The adult population of a town is 25 000 at the end of Year 1 - Edexcel - A-Level Maths Pure - Question 1 - 2011 - Paper 3

The common ratio of the geometric sequence is:

$r = 1.03$

We start with the population growth model:

$P_n = P_1 \cdot r^{n-1}$

To find when it exceeds 40000:

$25000 \cdot 1.03^{N-1} > 40000$

Dividing both sides by 25000 gives:

$1.03^{N-1} > \frac{40000}{25000} = 1.6$

Taking the logarithm of both sides:

$(N - 1) \log 1.03 > \log 1.6$

Hence we have shown that $(N - 1) \log 1.03 > \log 1.6$.

From the previously derived inequality:

$(N - 1) \log 1.03 > \log 1.6$

We can isolate N:

$N - 1 > \frac{\log 1.6}{\log 1.03}$

Calculating:

$N > 1 + \frac{\log 1.6}{\log 1.03}$

Using approximate values:

$\log 1.6 \approx 0.2041 \quad \text{and} \quad \log 1.03 \approx 0.0128$

Then,

$N > 1 + \frac{0.2041}{0.0128} \approx 17.95$

Thus, rounding up, we find:

$N = 18$

To calculate the total amount given to the charity fund, we consider each year’s population.
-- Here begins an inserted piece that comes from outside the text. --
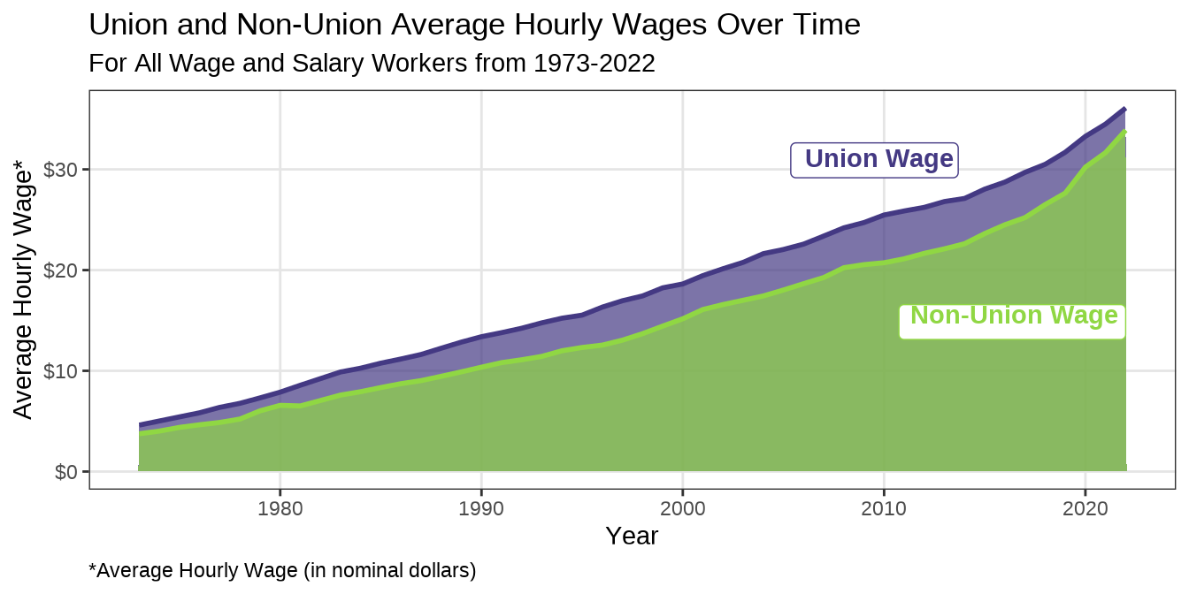 Similar rates of increase, but differences in gaps between union and non-union wages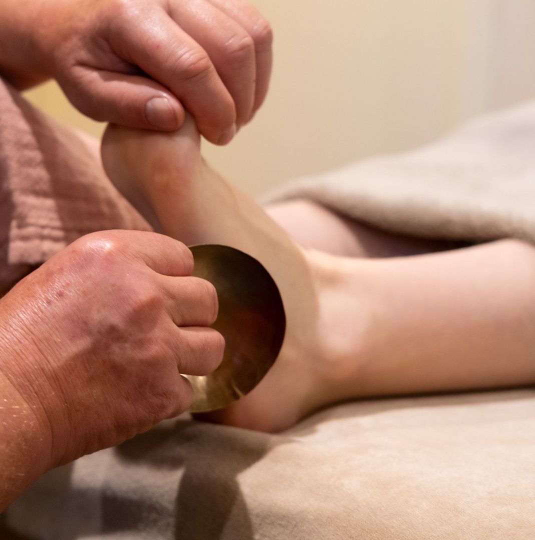 Le massage au bol kansu est une technique de massage traditionnelle indienne consistant à masser les pieds avec du ghee (beurre clarifié) et le bol qui est constitué d’un alliage de 5 métaux spéciaux dont le Cuivre, le Zinc et le bronze.

For years 1 to 10, the populations will be:

• Year 1: 25,000
• Year 2: 25,750
• Year 3: 26,522.5
• Year 4: 27,318.5
• Year 5: 28,140.3
• Year 6: 28,988.7
• Year 7: 29,864.5
• Year 8: 30,768.2
• Year 9: 31,700.5
• Year 10: 32,662.3

Adding these amounts:

$25000 + 25750 + 26522.5 + 27318.5 + 28140.3 + 28988.7 + 29864.5 + 30768.2 + 31698 + 32662.3 \approx 287000$

So the total amount that will be given to the charity fund is approximately £287,000.